La Verità merita l’onore e l’amore più grandi, perché non è un concetto vago, ma una Persona.
Nostro Signore Gesù Cristo proclama, con la sua Parola eterna: «Io sono la via, la verità e la vita» (Gv 14, 6).
Amare la Verità è amare il Signore Gesù. Amarla meno è amare meno Gesù.
Gesù affronta i giudei miscredenti dicendo loro: «Ma intanto cercate di uccidermi perché la mia parola non trova posto in voi» (Gv 8, 37). I miscredenti non amavano e non amano Gesù.
E noi? Quanto amiamo Gesù, e quanto dunque la Verità? Abbiamo sete della Verità?

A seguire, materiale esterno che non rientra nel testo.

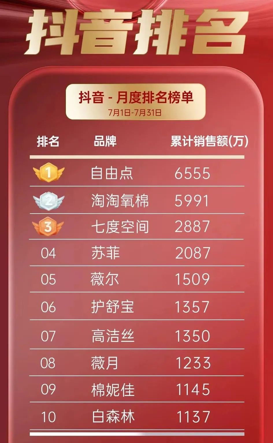 根據(jù)第三方數(shù)據(jù)平臺(tái)顯示,抖音平臺(tái)2024年7月份衛(wèi)生巾前十銷售榜單,其中,“自由點(diǎn)”品牌以6555萬(wàn)元的銷售額高居榜首,展現(xiàn)出了強(qiáng)大的市場(chǎng)號(hào)召力和消費(fèi)者認(rèn)可度。
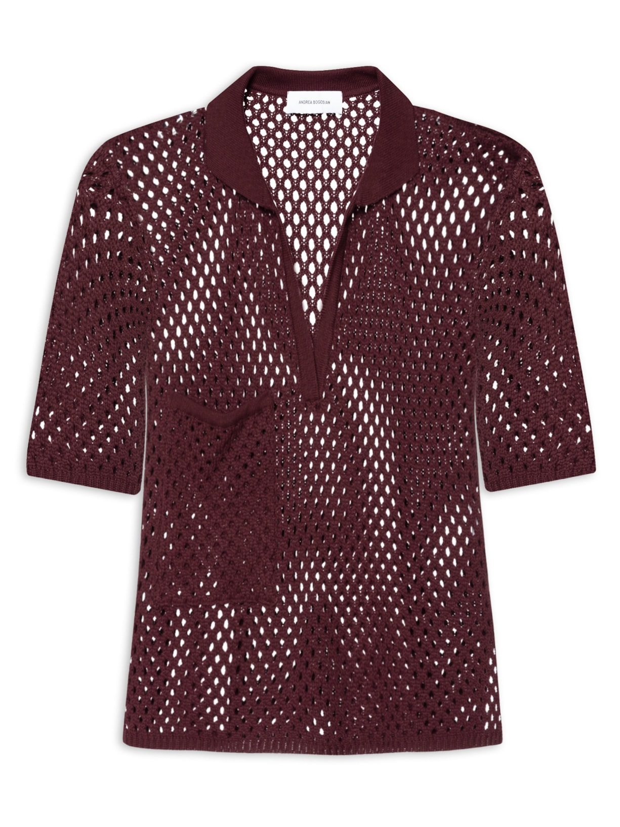 A blusa vinho é confeccionada em tricot de média elasticidade. A peça solta ao corpo possui gola simples, ombros estendidos, mangas curtas, bolso frontal, fendas laterais, trama com recortes vazados, sem forro e acabamento canelado.
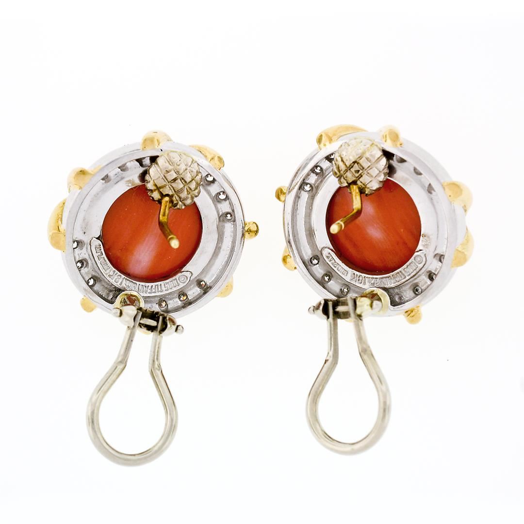 A pair of solid 18k yellow gold and platinum button earrings by Tiffany & Co. featuring 2 GIA certified round cabochon cut natural corals (11.60 - 11.62 x 5.45mm and 11.59 - 11.62 x 5.49mm) surrounded by 24 round brilliant cut natural diamonds (E/F - VVS1/VVS2; 0.75ctw). The earrings measure approximately 19.62x19.85mm and weigh a total of 20.72 grams. Comes with all original relevant certifications.
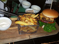 con cerveza, remoulade de curry y
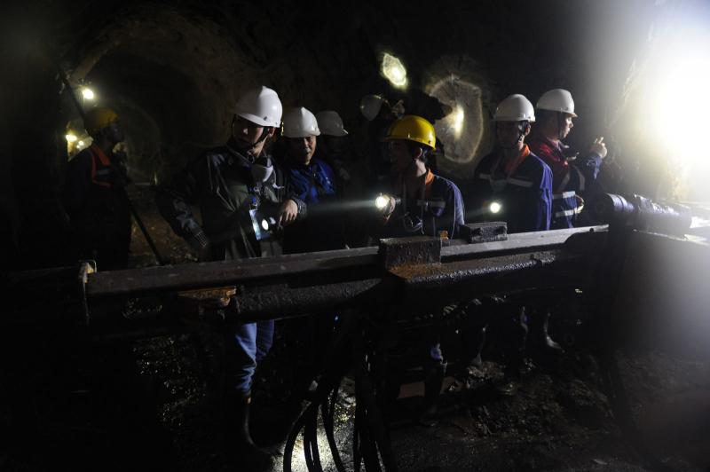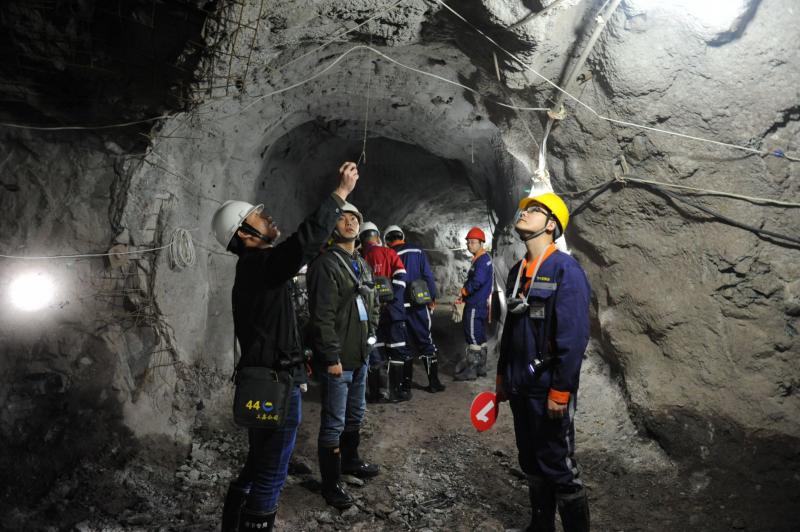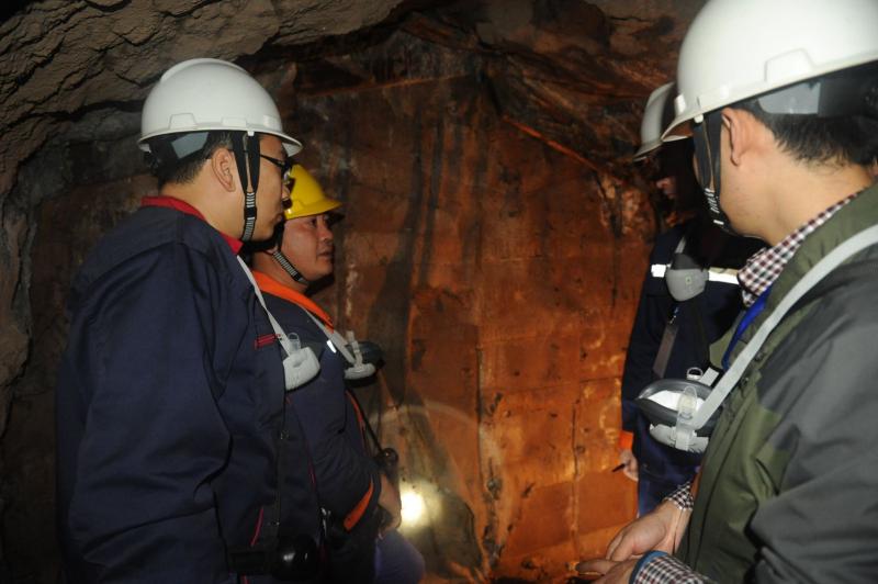 笔者跟随的是第一小组学员拍照,他们观摩的路线是-520米中段至-510米出矿面,再到-485米、-498米、-533米掘进作业面。
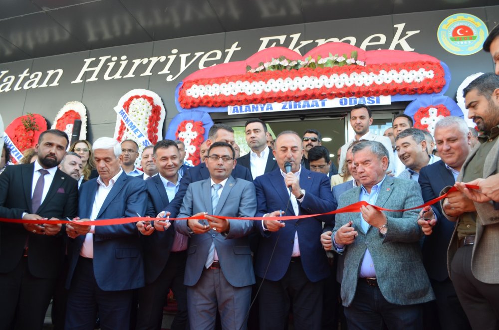 Türkiye olmasa Rusya ve Ukrayna arasındaki tahıl anlaşmasının imzalanamayacağını vurgulayan Çavuşoğlu, “Dünyayı biz gıda krizinden kurtardık. Dünyadaki her bir haneye katkımız var. Esir takasını bizim üzerimizden yapıyorlar. Niye? 2 taraf da bize güveniyor. Nükleer santralle ilgili konularda bize gelip konuşuyorlar. Bu denge politikasını bozamayız. Bazı siyasetçiler ‘Rusya’ya yaptırım uygulayacağız. Biz NATO üyesiyiz’ diyor. Biz de NATO üyesiyiz. Ben milletimin, ülkemin çıkarlarını her şeyin üzerinde tutmam lazım. Rusya’ya yaptırım uyguladım. Peki Alanyalılar ürününü Rusya’ya s-nasıl satacak? BM yaptırımı olsa ben ona uymak zorundayım. Ama herkesin kafasına göre haklı ya da haksız uyguladığı yaptırıma uyarsan, birilerine yaranmak için ilkeli politikandan vazgeçersem ülkemin çıkarlarını riske atarım. Böyle bir durumda Türkiye’ye turist gelir mi? Biz turist gelecek mal satalım diye ilkelerimizden vazgeçmiyoruz. Montrö’yü sonuna kadar uyguluyoruz. Ukrayna’nı sınır ve toprak bütünlüğünü sonuna kadar destekliyoruz. Ukrayna’yı destekliyoruz. Kırım’ın illegal ilhakın tanımıyoruz. Bu ilkeli duruş değil mi? Rusya’ya yaranacağız diye bir derdimiz yok. Böyle bir derdimiz olmaz. 3-5 oy alacağız diye ülkenin güvenliğini, istikrarını riske atacağız, onu, bunu serbest bırakacağız diye bir şey olmaz. Kanun Hükmünde Kararnameler ile atılan insanları devletin kadrosuna vereceğiz dersek bu ülkeyi heba ederiz. Bölücübaşlarını çıkaracağız dersek heba ederiz. Benim bakanlığıma hile ile girmişler. 630 FETÖ’cü atıldı. Burası devletin sırrının olduğu yer. Nasıl olacak şimdi bunlar gelecek benim bakanlığa? Devletin bütün sırlarını belli istihbaratlara ve diğer ülkelere veriyor. Bu nasıl olacak? FETÖ’nün talimatıyla karar veren hakim ve savcıları döndürdüğün zaman adalet olur mu? Ne demek 28 eyalete böleceğiz. Belediyeler aldığı zaman oranın gelirlerinin hepsi PKK’ya gidiyordu. Sen Türkiye’yi nasıl eyalete böleceksin? Kime söz verdin? Olmaz” ifadelerini kullandı. Konuşmasının ardından Bakan Çavuşoğlu’na Göktepe tarafından çiftçilik belgesi takdim edildi. Toplu dua yapılmasının ardından ziraat odasının resmi açılışı Bakan Çavuşoğlu ve protokol üyeleri tarafından kurdele kesilerek yapıldı. Açılışın ardından Bakan Çavuşoğlu ve protokol üyeleri oda binasını gezdi.
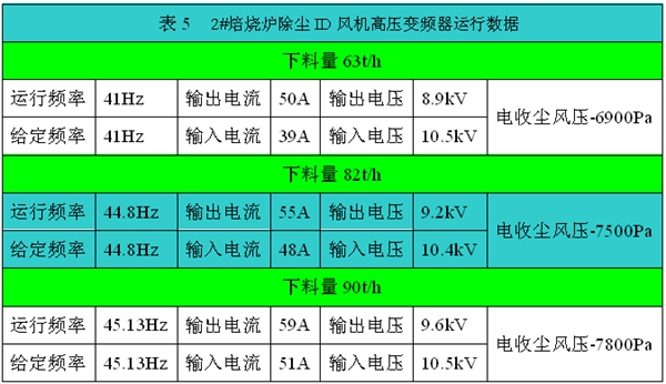 2011年6月廠節(jié)能服務(wù)中心隨機對2#焙燒爐不同下料量的情況下,對除塵ID風(fēng)機高壓變頻器進行了測試,記錄數(shù)據(jù)如表5所示。
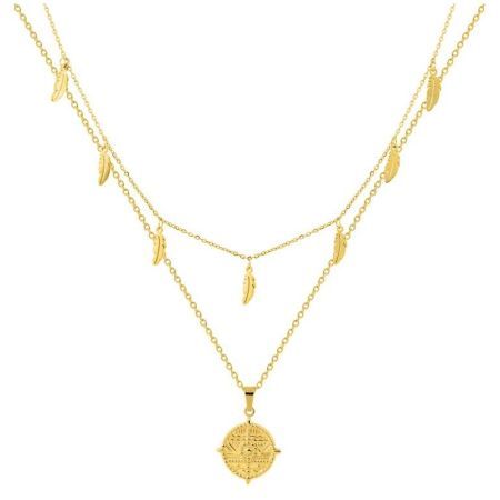 Collier double chaîne en acier doré avec pendentifs Argyor-MRM (AC)432156
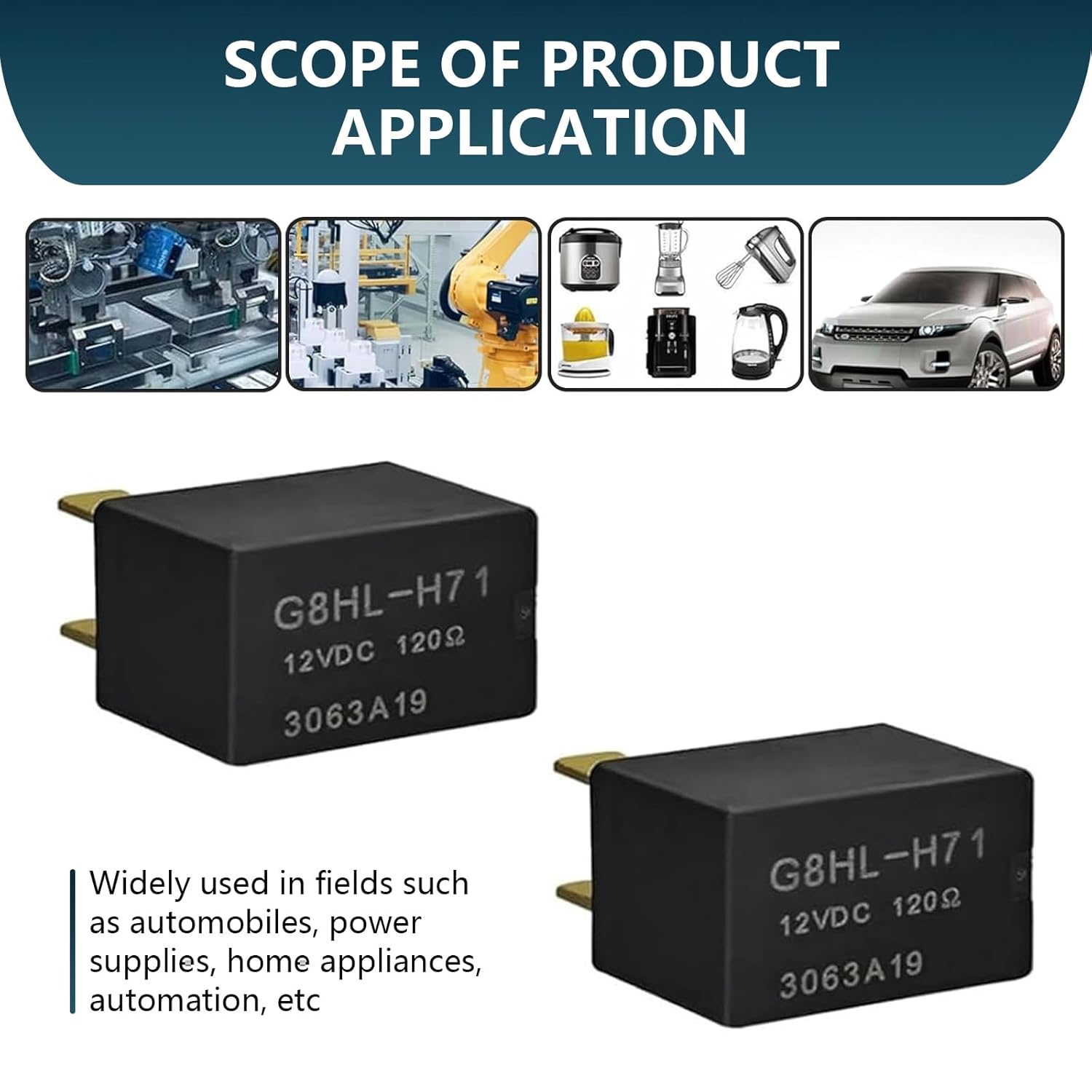 Informações OEM: O número OEM deste relé é G8HL-H71, com uma tensão nominal de 12 V e dimensões de 0.86 In x 0.55 In x 0.62 In. Com uma potência nominal de 4.8 W, você receberá dois relés em cada compra, suficientes para atender suas necessidades diárias.
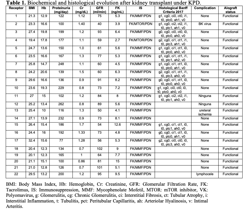 Results: 22 kidney transplants were performed under this program. The most common CKD etiology was not determined (ND) with 31.8%. Survival of the graft and the patient 1 year after transplantation was 100%. The post-transplant glomerular filtration rate receptor (GFR) was 72.5 (± 17) ml/min/1.73 m2SC; the GFR post-donación was 75.04 (± 15.98) ml/min/1.73/m2SC. 36.3% of hypersensitized patients were successfully transplanted whitout plasmapheresis. The mean age of the recipients was 35.67 (± 12.45) years.

Che grazia, poter conoscere una persona che ha sete della Verità! È di persone così che parla Gesù, quando annuncia: «Beati quelli che hanno fame e sete della giustizia, perché saranno saziati» (Mt 5, 6). Verità e Giustizia di Dio sono l’una il presupposto dell’altra.
Chi non ama la Verità, o non l’ama abbastanza, non adempie tutto ciò che è giusto agli occhi di Dio.
Il poco o nessun amore per la Verità non può essere giustificato, eppure lo si può ben comprendere. In un mondo alla fine, portato sull’orlo della distruzione dai peccati umani, quale posto può esserci per la Verità?
Come racconta la parabola evangelica, l’umanità ha già mandato a dire al Signore della Vita: «Non vogliamo che costui venga a regnare su di noi» (Lc 19, 14). Ma il Signore ritornerà «nella gloria del Padre suo, con i suoi angeli, e renderà a ciascuno secondo le sue azioni» (Mt 16, 27).
Tuttavia, guardando al mondo attuale, pensiamo a come crescono i figli. In famiglie devastate dalla superbia, dall’impurità, dall’odio, dalla tiepidezza, dal rifiuto della procreazione, cosa ne è dei figli?
C’è davvero da stupirsi che i nostri conoscenti e mezzi amici non accolgano la Verità, quando la porgiamo a loro come un dono bellissimo?
Pensiamo a quante volte, nell’età delicata dell’infanzia, hanno rivolto ai genitori una domanda di Verità, sentendosi dare un rifiuto, ora dopo ora, giorno dopo giorno. Erano da soli con quei genitori, senza scampo, senza appello, senza nessuno a cui appoggiarsi.
Quell’implacabile “No” alla loro sete di Verità ora lo ripetono alle persone che incontrano, facendo su di loro e sui propri figli quello che loro per primi hanno subìto.
Eppure, conviene perseverare nell’annuncio della Verità. Non tutte le persone, ma alcune di loro sicuramente, prima o poi avranno beneficio dalla nostra testimonianza. La verità ascoltata o letta li aiuterà a dire più facilmente il loro sì a Dio, nell’ora decisiva.
Chiediamo alla Madonna che ci ottenga la grazia di annunciare sempre la Verità. Dobbiamo farlo con il necessario e complementare amore, ma senza lasciarci mai confondere o intimidire.